The fabrication methods for high performance pervaporation (PV) desalination membranes were complicated and difficult to be scaled-up. To address this issue, we developed a composite membrane using a porous polysulfone (PSF) membrane that was prepared by a conventional non-solvent induced phase inversion (NIPS) technology. The key was to design the PSF structure with a skinless, macro-void free and bi-continuous cross-sectional morphology for achieving an ultra-low transport resistance. This was done by incorporating non-solvent additives of polyvinylpyrrolidone (PVP) and propionic acid (PA) into the PSF polymer dope and regulating the temperature of the water coagulant. As a result, the PSF based PV composite membrane exhibited a high-water flux of 124.8 ± 3.2 kg/(m²·h) and a salt rejection of 99.9% when separating a 3.5 wt% NaCl solution at 70 °C. Moreover, a water flux of 71.3 ± 1.8 kg/(m²·h) was achieved for treating a high concentrated NaCl solution of 20 wt%. To our best knowledge, these PV membrane desalination performances overshadowed all reported PV composite membranes using substrates fabricated by the NIPs method. Most importantly, the easy-to-scale-up membrane fabrication method, as well as the excellent PV desalination performance, indicated a great potential for industrial applications.

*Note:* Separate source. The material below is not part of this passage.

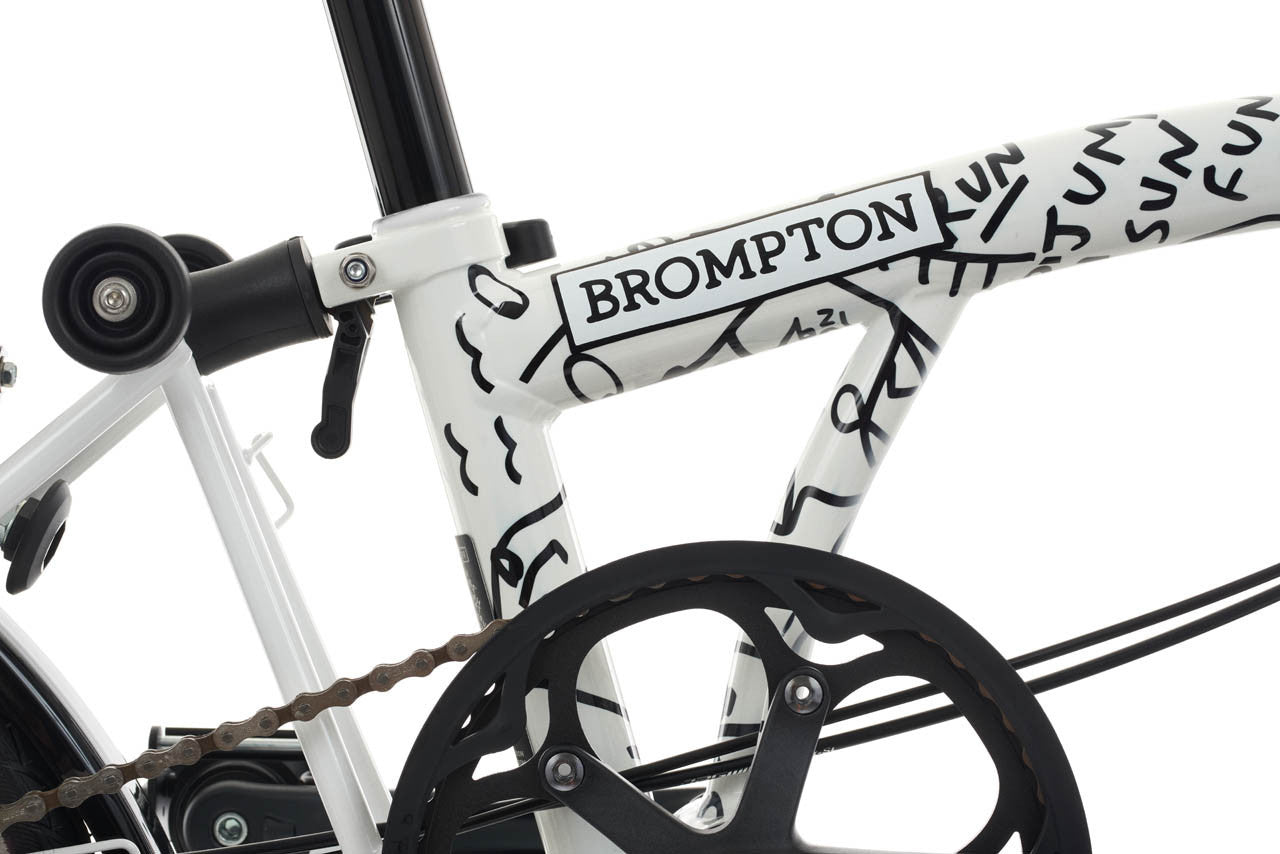 The C Line Urban Shantell Martin – 2 Speed brings the artist's work to life in motion. This special-edition Brompton bike features a striking design inspired by her artwork. Unlike other Bromptons, the bike features a custom-printed Selle Royal saddle and laser-etched serial plate. It also bears a one-of-a-kind iteration of the Brompton logo drawn by Martin. The 2-speed drivetrain offers versatility for urban commuting, taking you anywhere from the studio to the world. Combining Brompton's renowned compact engineering with Martin's bold visual language, the bike is a standout piece in any rider's collection. A statement of style and creativity, surely not to be missed.

高性能渗透蒸发（PV）海水淡化膜的制备方法复杂且难以扩大规模。为了解决这个问题，我们开发了一种使用多孔聚砜 (PSF) 膜的复合膜，该膜是通过传统的非溶剂诱导相转化 (NIPS) 技术制备的。关键是设计具有无表皮、无大空隙和双连续横截面形态的 PSF 结构，以实现超低传输阻力。这是通过将聚乙烯吡咯烷酮 (PVP) 和丙酸 (PA) 的非溶剂添加剂加入到 PSF 聚合物涂料中并调节水凝固剂的温度来实现的。结果，基于 PSF 的 PV 复合膜表现出 124.8 ± 3.2 kg/(m ²·h) 在 70 °C 下分离 3.5 wt% 的 NaCl 溶液时，脱盐率为 99.9%。此外，处理 20 wt% 的高浓度 NaCl 溶液的水通量为 71.3 ± 1.8 kg/(m ² ·h)。据我们所知，这些 PV 膜脱盐性能超过了所有报道的使用 NIPs 方法制造的基板的 PV 复合膜。最重要的是，易于放大的膜制造方法以及出色的光伏脱盐性能表明其具有巨大的工业应用潜力。